OBINNA-ECHEM Patience Chisa

Department of Food Science and Technology, Rivers State University, Nkpolu-Oroworukwo, Port Harcourt, Rivers State, Nigeria.

BARBER, Lucretia Ifeoma

Department of Food Science and Technology, Rivers State University, Nkpolu-Oroworukwo, Port Harcourt, Rivers State, Nigeria.

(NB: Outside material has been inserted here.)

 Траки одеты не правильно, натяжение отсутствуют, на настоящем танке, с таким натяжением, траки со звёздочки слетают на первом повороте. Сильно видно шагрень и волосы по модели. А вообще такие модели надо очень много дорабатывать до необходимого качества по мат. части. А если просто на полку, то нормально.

*Author to whom correspondence should be addressed.


Abstract

This study investigated the nutritional composition, antioxidant activity, and probiotic viability of millet–soybean-based snack bars enriched with Lactobacillus acidophilus. Snack bars were formulated using millet, soybean, dates, cashew nuts, and date syrup, with probiotics encapsulated in tempered chocolate. Proximate analysis showed that the probiotic snack bar (PSB) contained the highest protein (22.05±0.37 %), fat (12.23±0.38 %), and fibre (12.63 ±0.97 %) contents, alongside reduced carbohydrate levels (38.96±0.54%) compared to millet–soy (MSB) and oat-based control (OSB) bars. Energy values ranged between 343.64±1.91 and 354.05±0.61 kcal/100 g, with PSB recording the highest. Total phenolic content was significantly higher in PSB (24.99±0.41 mg/100 g), accompanied by enhanced antioxidant activity (DPPH: 92.66%; ABTS: 79.54%). A strong positive correlation was observed between phenolic content and antioxidant activity. Viability tests revealed that L. acidophilus in PSB maintained counts above 10⁶ CFU/g at production but declined significantly after five days of refrigerated storage. These results indicate that probiotic millet–soy snack bars are nutrient-dense functional foods with potential antioxidant benefits, though probiotic viability requires optimization for extended shelf life.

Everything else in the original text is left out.